Intelsat’s Intelsat 901 satellite has been returned to service after docking with Northrop Grumman’s Mission Extension Vehicle (MEV-1) in the first time that two commercial spacecraft docked in geostationary orbit, giving the old satellite a new lease on life.
Northrop Grumman, which produced the MEV-1 together with SpaceLogistics, said the MEV-1 docked on 25 February. Since then, the MEV-1 has assumed navigation of the combined spacecraft stack, and relocating IS-901 to its new orbital location. Intelsat then transitioned roughly 30 of its commercial and government customers to the satellite on 2 April.
Intelsat views life-extension services, like MEV technology, as a cost-effective and efficient way to minimize service disruptions, enhance the overall flexibility of its satellite fleet and better support the evolving needs of its customers, Northrop Grumman said.
“Intelsat is proud to have pioneered this innovative first with Northrop Grumman,” said Intelsat Chief Services Officer Mike DeMarco.

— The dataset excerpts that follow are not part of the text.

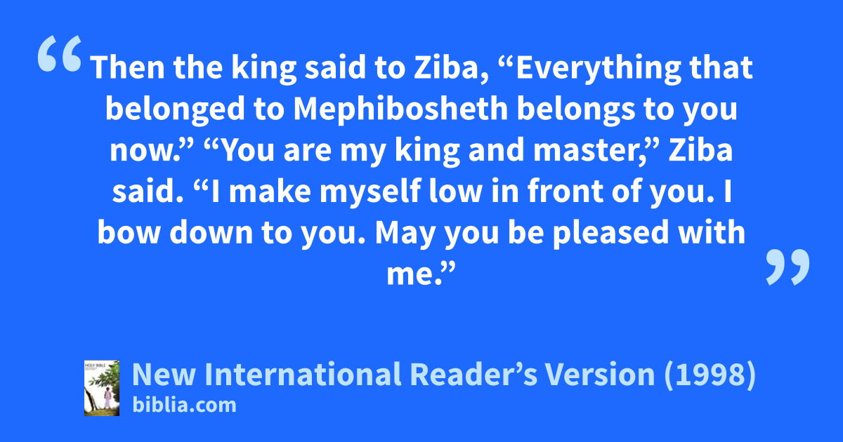 4Then the king said to Ziba, “Everything that belonged to Mephibosheth belongs to you now.”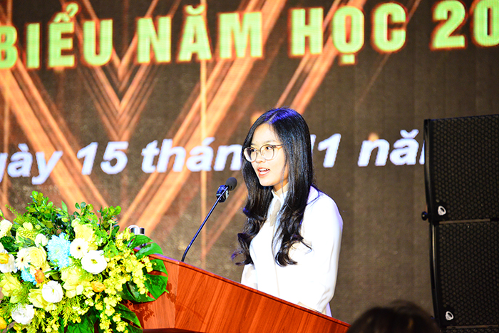 Thay mặt 215 sinh viên tiêu biểu được khen thưởng, Sinh viên Ngô Thị Diệu Linh - lớp LQC60ĐH, Tân Vô địch quốc gia năm 2022 nội dung thi Microsoft Excel 2016 chia sẻ cảm xúc khi được học tập tại Trường Đại học Hàng hải Việt Nam. “Năm học vừa qua để lại rất nhiều kỷ niệm cho bản thân em nói riêng, cũng như mỗi bạn SV đang ngồi dưới Hội trường và toàn thể các bạn SV Trường Đại học Hàng Hải Việt Nam nói chung. Sau gần 4 năm học tập và rèn luyện tại đây, em càng ý thức sâu sắc và tin tưởng rằng những năm tháng dưới Mái Trường Đại học Hàng hải Việt Nam sẽ là nơi khởi đầu cho những ước mơ, nơi lưu lại những kỷ niệm đẹp nhất trong cuộc đời của mỗi sinh viên. Đó là những cố gắng và tinh thần không ngừng học hỏi, nghiên cứu chuyên môn của mỗi sinh viên; sự truyền dạy của các thầy, cô giáo bằng cả trí tuệ và tâm huyết. Những thành công có được hôm nay mới chỉ khởi đầu trong chặng đường còn nhiều gian nan phía trước. Bản thân em và các bạn SV được khen thưởng ngày hôm nay xin hứa sẽ không ngừng phấn đấu nhiều hơn nữa để có thể đạt thêm nhiều thành tích trong tương lai. Đó cũng chính là minh chứng rõ ràng cho chất lượng và danh tiếng của Trường Đại học Hàng Hải Việt Nam - Trường Đại học trọng điểm quốc gia, mang tầm vóc quốc tế.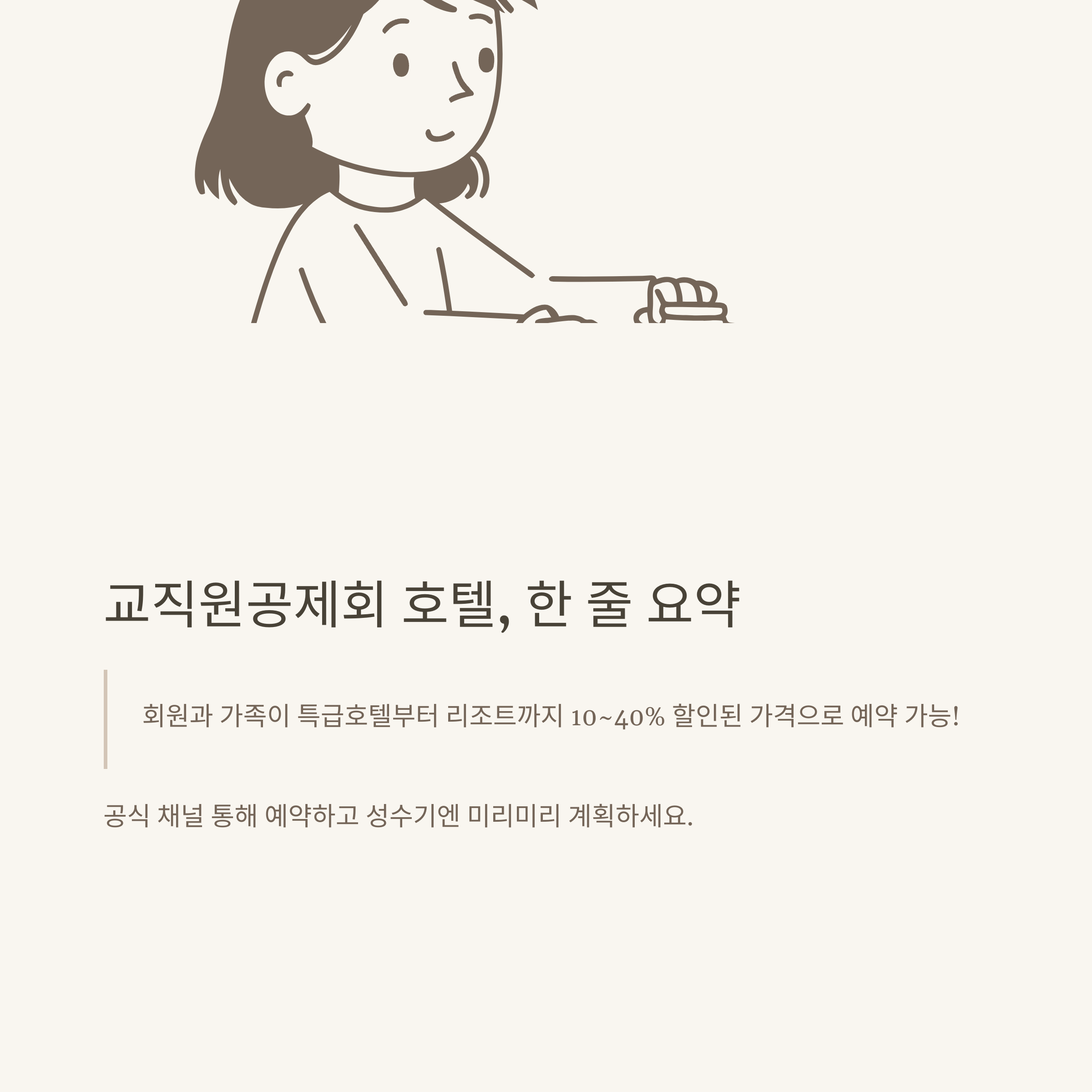 공식 홈페이지( 교직원공제회 호텔 안내 )에서 실제 제휴 호텔 리스트와 할인 내역을 확인할 수 있습니다. 제가 이용했을 때는 비수기와 성수기 모두 혜택이 있어서 정말 만족스러웠어요.
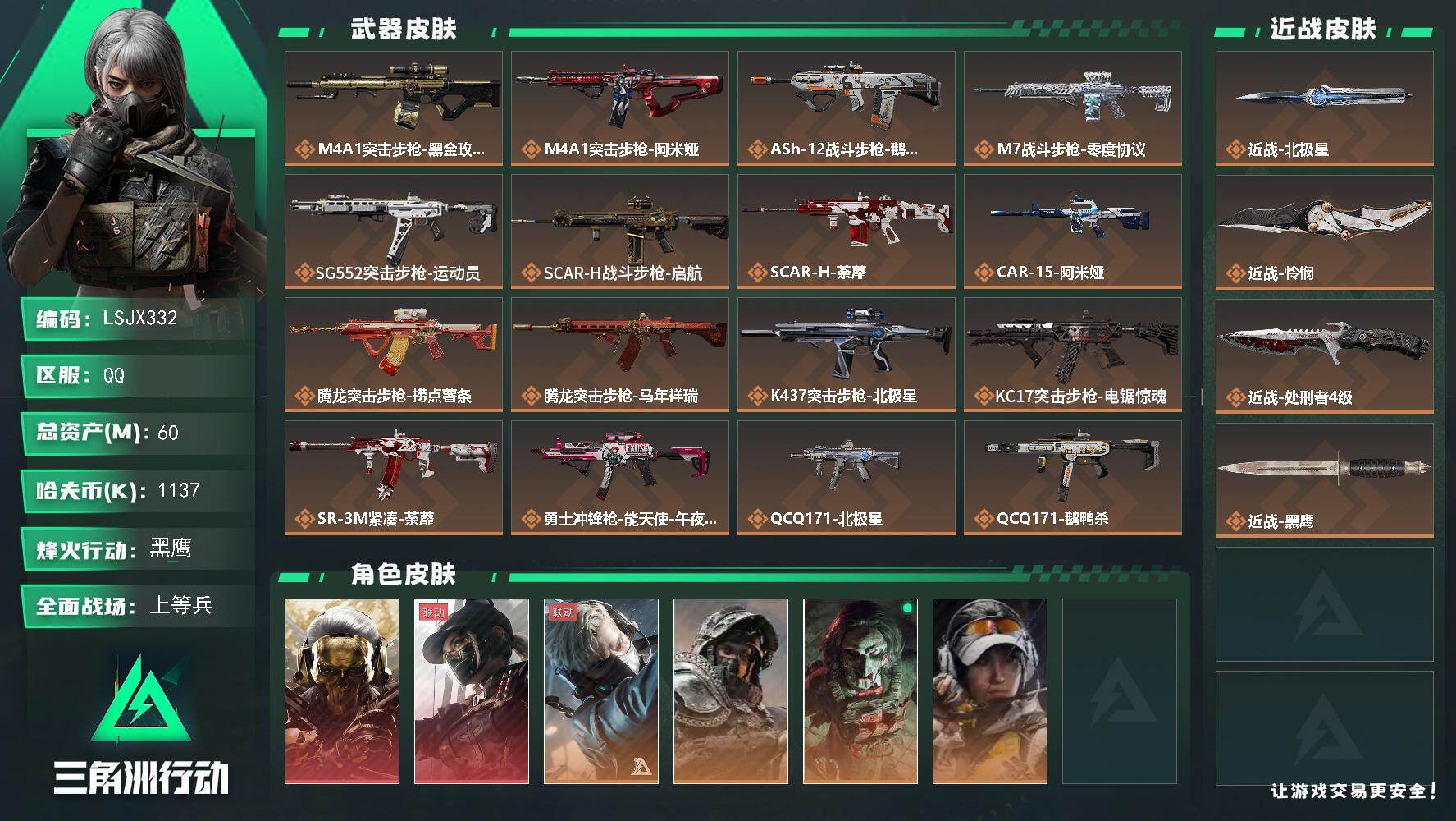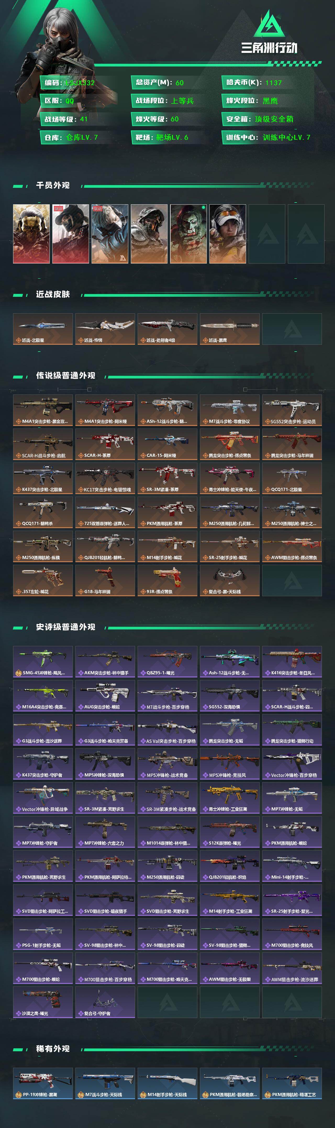 [17434386]【特价出售/店主推荐】60m总资产-1137k哈伏币-60烽火等级-黑鹰-41战场等级-上等兵 【干员外观】:红狼-蚀金玫瑰,露娜-黑·天际线,蜂医-送葬人·无题密令,深蓝-不破誓约,红狼-电锯惊魂,露娜-金牌射手 【近战皮肤】:近战-北极星,近战-怜悯,近战-处刑者4级,近战-黑鹰 【传说外观】:M4A1突击步枪-蚀金玫瑰,M4A1突击步枪-阿米娅,ASh-12战斗步枪-鹅鸭杀,M7战斗步枪-零度协议,SG552突击步枪-运动员,SCAR-H战斗步枪-启航,SCAR-H战斗步枪-荼蘼,CAR-15突击步枪-阿米娅,腾龙突击步枪-捞点薯条,腾龙突击步枪-马年祥瑞,K437突击步枪-北极星,KC17突击步枪-电锯惊魂,SR-3M紧凑突击步枪-荼蘼,勇士冲锋枪-能天使-午夜邮差,QCQ171冲锋枪-北极星,QCQ171冲锋枪-鹅鸭杀,725双管霰弹枪-送葬人-无题密令,PKM通用机枪-荼蘼,M250通用机枪-几何解构,M250通用机枪-骑士之心,M250通用机枪-纵横,QJB201轻机枪-鹅鸭杀,M14射手步枪-缄花,SR-25射手步枪-缄花,AWM狙击步枪-捞点薯条,.357左轮-缄花,G18-马年祥瑞,93R-捞点薯条,复合弓-黑·天际线 【史诗外观】:SMG-45冲锋枪-飓风行动,AKM突击步枪-林中猎手,QBZ95-1突击步枪-曙光,ASh-12战斗步枪-无极限,K416突击步枪-冬日风情,M16A4突击步枪-竞赛选手,AUG突击步枪-蝮蛇,M7战斗步枪-百步穿杨,SG552突击步枪-深海恐惧,SCAR-H战斗步枪-囚徒,G3战斗步枪-流沙送葬,G3战斗步枪-哈夫克警备,AS Val突击步枪-百步穿杨,腾龙突击步枪-无垢,腾龙突击步枪-猎鳄行动,K437突击步枪-守护者,MP5冲锋枪-深海恐惧,MP5冲锋枪-战术竞备,MP5冲锋枪-竞技风,P90冲锋枪-紧急戒备,Vector冲锋枪-百步穿杨,Vector冲锋枪-异域战争,SR-3M紧凑突击步枪-荒野求生,SR-3M紧凑突击步枪-战术竞备,勇士冲锋枪-工业狂潮,MP7冲锋枪-无垢,MP7冲锋枪-守护者,MP7冲锋枪-六套之力,M1014霰弹枪-林中猎手,S12K霰弹枪-曙光,PKM通用机枪-蝮蛇,PKM通用机枪-荒野求生,PKM通用机枪-阿萨拉特攻,M250通用机枪-囚徒,QJB201轻机枪-炽焰,QJB201

“This historic event, highlighted by the first in-orbit rendezvous and docking of two commercial satellites and the subsequent repositioning of the two-spacecraft stack, demonstrates the business value that MEV offers to customers,” said Tom Wilson, vice president, Northrop Grumman Space Systems and president, SpaceLogistics. “Now that MEV-1 has successfully delivered on its mission to place the Intelsat 901 satellite back into operational service, we will continue to pioneer the future of on-orbit servicing through our multi-year technology roadmap leading to additional services such as inspection, assembly and repair.”
Under the terms of the contract, Northrop Grumman and SpaceLogistics will provide five years of life extension services to IS-901 before returning the spacecraft to a final decommissioned orbit. MEV-1 will then be available to provide additional mission extension services for new clients including orbit raising, inclination corrections and inspections. Intelsat has already also contracted with Northrop Grumman for a second MEV (MEV-2) to service Intelsat 1002 satellite later this year.
The historic docking promises to limit ‘space junk’ or orbital debris by keeping older satellites active.